Либеральная риторика, оппозиция «народному сталинизму» – к тому времени не мнение кучки интеллигентов старшего поколения, но представление о жизни весьма широкой образованной прослойки общества, вступившей во взрослую жизнь после сталинской эпохи, тех, кого мы сегодня именуем «шестидесятниками».
Одним из самых важных способов самоутверждения молодого человека – стремление отстоять индивидуальность. Сначала в отношениях с родителями, а потом и в глазах общества. Особенно сложно это сделать в обществе, исповедующем коллективистские ценности. Тогда борьба за индивидуальность превращается в вызов. Такая проблема в городской культуре существовала всегда – и в 1920-е годы, и позже. В тридцатые годы государственный деятель и публицист Л. Сосновский в статье «О культуре и мещанстве» ставит знак равенства между индивидуалистом и мещанином: «Как сориентироваться мещанину в окружающем мире, когда он по природе своей индивидуалист и кругозор его узок? И тогда мещанин, чтобы не заблудиться в мире, выдумывает себе ориентиры: галстук, ботинки, костюм, граммофон – вещи ничего сами по себе мещанского не содержащие» (69). По мнению Сосновского, когда человек относится к человеку в галстуке не так, как к человеку без галстука, когда он увлекается граммофоном в ущерб общественной работе – он, несомненно, проявляет мещанство. Но даже т. н. мещанство может быть протестом – попыткой скрыться в своей конуре от железной поступи пролетариата, поставить интересы семьи выше мировой революции или желанием выделиться на фоне серых масс нарядной одеждой.
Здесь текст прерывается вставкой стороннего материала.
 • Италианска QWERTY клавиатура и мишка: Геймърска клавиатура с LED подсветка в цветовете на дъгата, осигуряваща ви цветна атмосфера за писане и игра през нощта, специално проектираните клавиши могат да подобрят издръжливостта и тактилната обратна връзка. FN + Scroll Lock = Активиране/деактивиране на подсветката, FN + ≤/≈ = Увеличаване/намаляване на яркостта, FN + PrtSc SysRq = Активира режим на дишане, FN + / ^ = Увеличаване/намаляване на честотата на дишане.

Мы уже затрагивали в нашей книге вопрос о так называемых стилягах и предысторию их появления. Еще раз нужно подчеркнуть значимость этого движения для дальнейших судеб страны. «Это был крик важной части молодежи о том, что ей плохо, что-то не так в нашем советском обществе… Стиляги нам показывали что-то, к чему должно готовиться все общество. Этого не поняли, их затюкали». С. Кара- Мурза далее обращает наше внимание на литературные пристрастия сих карбонариев: «Со стилягами наша литераторша имела общий язык – без слов, взглядами. Но иногда казалось, что они общаются где-то вне школы, там, где проходит их главная жизнь – так они понимали друг друга… У нас был литературный кружок, там наша учительница рассказывала о символистах, читала Гумилева, Ахматову. Она и меня туда звала, и я бы не прочь был ходить и слушать. Но там было что-то чужое и даже враждебное(выделено мной – К.К. ) странно и неприятно. Это было что-то новое. Вернее, раньше оно, наверное, тоже было, но пряталось, а теперь стало осторожно выходить на свет» (70).
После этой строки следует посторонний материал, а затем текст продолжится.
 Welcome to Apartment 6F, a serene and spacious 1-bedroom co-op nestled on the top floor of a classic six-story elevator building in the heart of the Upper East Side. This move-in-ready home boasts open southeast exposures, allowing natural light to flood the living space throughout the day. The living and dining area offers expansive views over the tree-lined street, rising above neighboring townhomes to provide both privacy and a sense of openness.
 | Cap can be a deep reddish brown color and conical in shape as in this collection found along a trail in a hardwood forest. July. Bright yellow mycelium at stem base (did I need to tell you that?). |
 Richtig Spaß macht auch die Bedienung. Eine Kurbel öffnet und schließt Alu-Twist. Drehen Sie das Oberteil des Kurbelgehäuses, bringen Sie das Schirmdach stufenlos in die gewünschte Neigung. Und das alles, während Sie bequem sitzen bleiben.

После войны в СССР наблюдался постепенный, но совершенно замечательный рост числа лиц с высшим образованием. Цифры приводятся согласно «Истории Советского Союза» Джефри Хоскинга (72):
А ведь это миллионы весьма неплохо образованных, благодаря советским стандартам образования, людей! М. Жванецкий жалуется в интервью «Московскому комсомольцу»: «Мне хочется, чтобы в моей аудитории было больше инженеров и ученых, как в советское время. Я совершенно не скучаю по советскому времени, но по публике, которая уехала, я скучаю» (73). Удивительное непонимание, что время и публика – это взаимосвязанные вещи, или лукавство? Так вот, новая образованная публика жаждала самовыражения, и не в той жутко регламентированной форме, что утвердилась в сталинское время. Обмен мыслями, мнениями реально необходим мыслящему человеку. Поскольку государство проблему игнорировало, за дело взялась самодеятельность – благо опыт стенгазеты имелся почти у каждого нашего человека. Наступает эпоха самиздата.